Friday, March 14, 2008

If Defendant Got §4A1.3 Departure at Original Sentencing, Revocation Guidelines Calculation Requires Use of Pre-Departure CHC

United States v. McKinney, No. 07-50170 (5th Cir. Mar. 7, 2008) (Jones, Davis, Garza)

Chapter 7 of the Guidelines Manual provides advisory sentencing ranges for probation and supervised release violations. The recommended ranges are determined by the grade of violation and the defendant's criminal history category. Policy statement §7B1.4(a) provides that "[t]he criminal history category is the category applicable at the time the defendant originally was sentenced to a term of supervision."
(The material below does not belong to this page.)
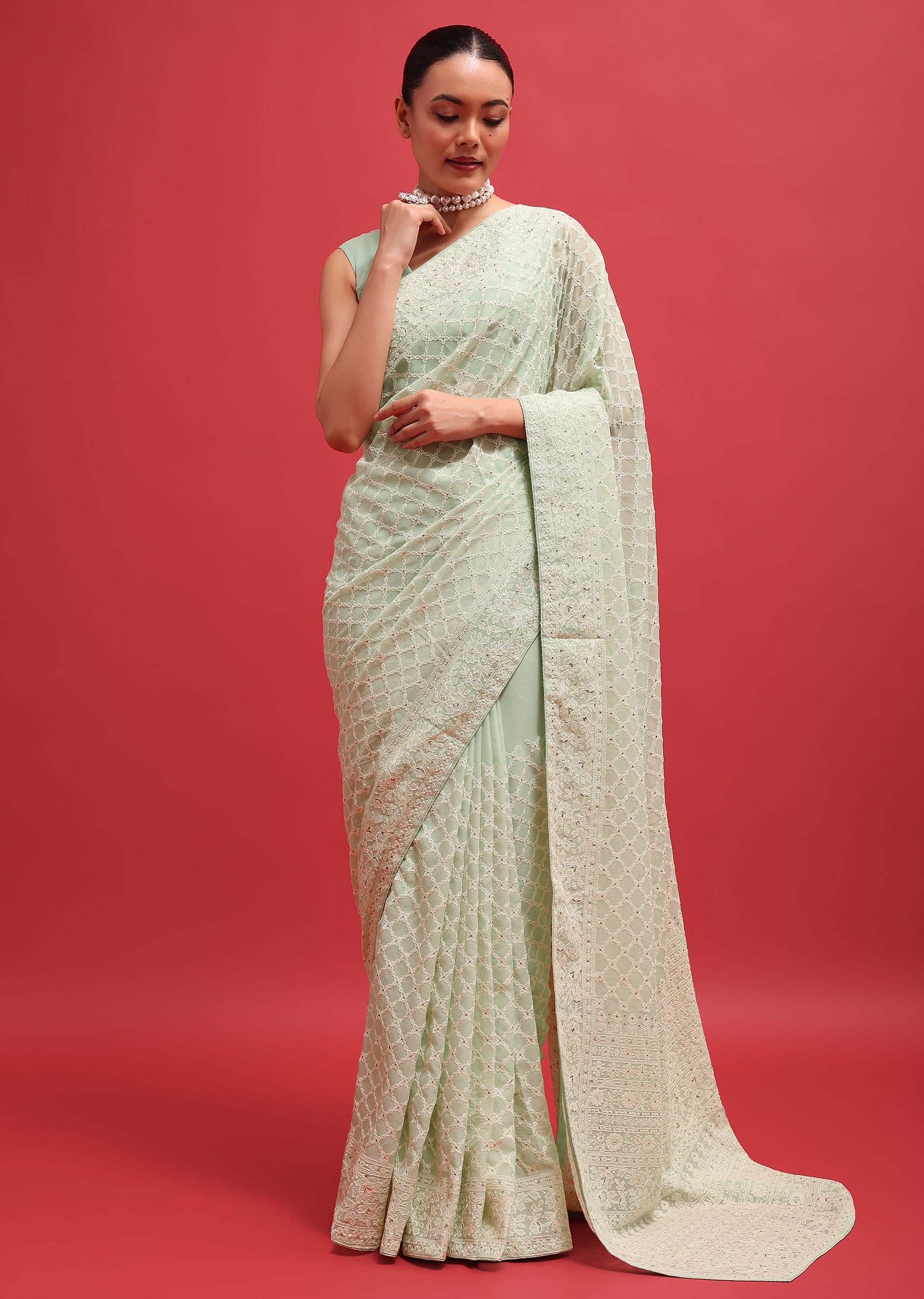This ethereal green Georgette saree whispers of summer gardens. Delicate chikankari embroidery dances across the translucent fabric, creating a piece as light and airy as a daydream. Perfect for twirling under fairy lights at a summer soirée, or adding a touch of whimsical elegance to a daytime soiree. Comes with an unstitched blouse. Awarded as the Most Trusted Brand, we're delivering styles you love, just as promised.

What if, at the original sentencing, the defendant received a downward departure to a lower criminal history category pursuant to policy statement §4A1.3? Does the Guidelines revocation calculation use the pre-departure or post-departure criminal history category?
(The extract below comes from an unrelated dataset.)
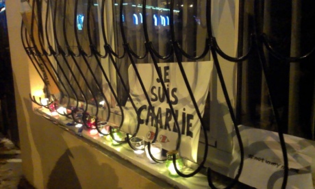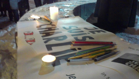 Участникам акции раздавали таблички с надписью "Je suis Charlie", активисты зажгли свечи.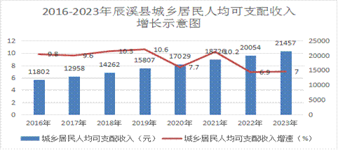 城鎮居民收入穩步增長。根據城鄉一體化住戶抽樣調查,2023年全縣居民人均可支配收入21457元,比上年增長7.0%。其中,城鎮居民人均可支配收入32355元,增長6.5%,農村居民人均可支配收入15728元,增長7.0%。城鄉居民收入穩步增長,收入差距縮小,農村居民人均可支配收入增長速度快于城鎮居民人均可支配收入增長速度0.5個百分點,城鄉居民人均可支配收入比2.057,比上年縮小0.01。全縣居民人均消費支出17481元,比上年增長5.7%,其中城鎮居民人均消費支出25346元,比上年增長4.3%,農村居民人均消費支出13346元,同比增長6.6%。

McKinney holds that it's the former:
We . . . hold that where a district court granted a departure for the reasons set forth in U.S.S.G. § 4A1.3 at the time the defendant originally was sentenced to a term of supervised release, upon revocation of supervised release, the applicable criminal history category for determining the advisory revocation sentencing range under U.S.S.G. § 7B1.4(a), p.s., is that criminal history category determined prior to any such departure.

There's several pages worth of analysis in the opinion parsing the relevant Guidelines language, if you're interested in knowing why.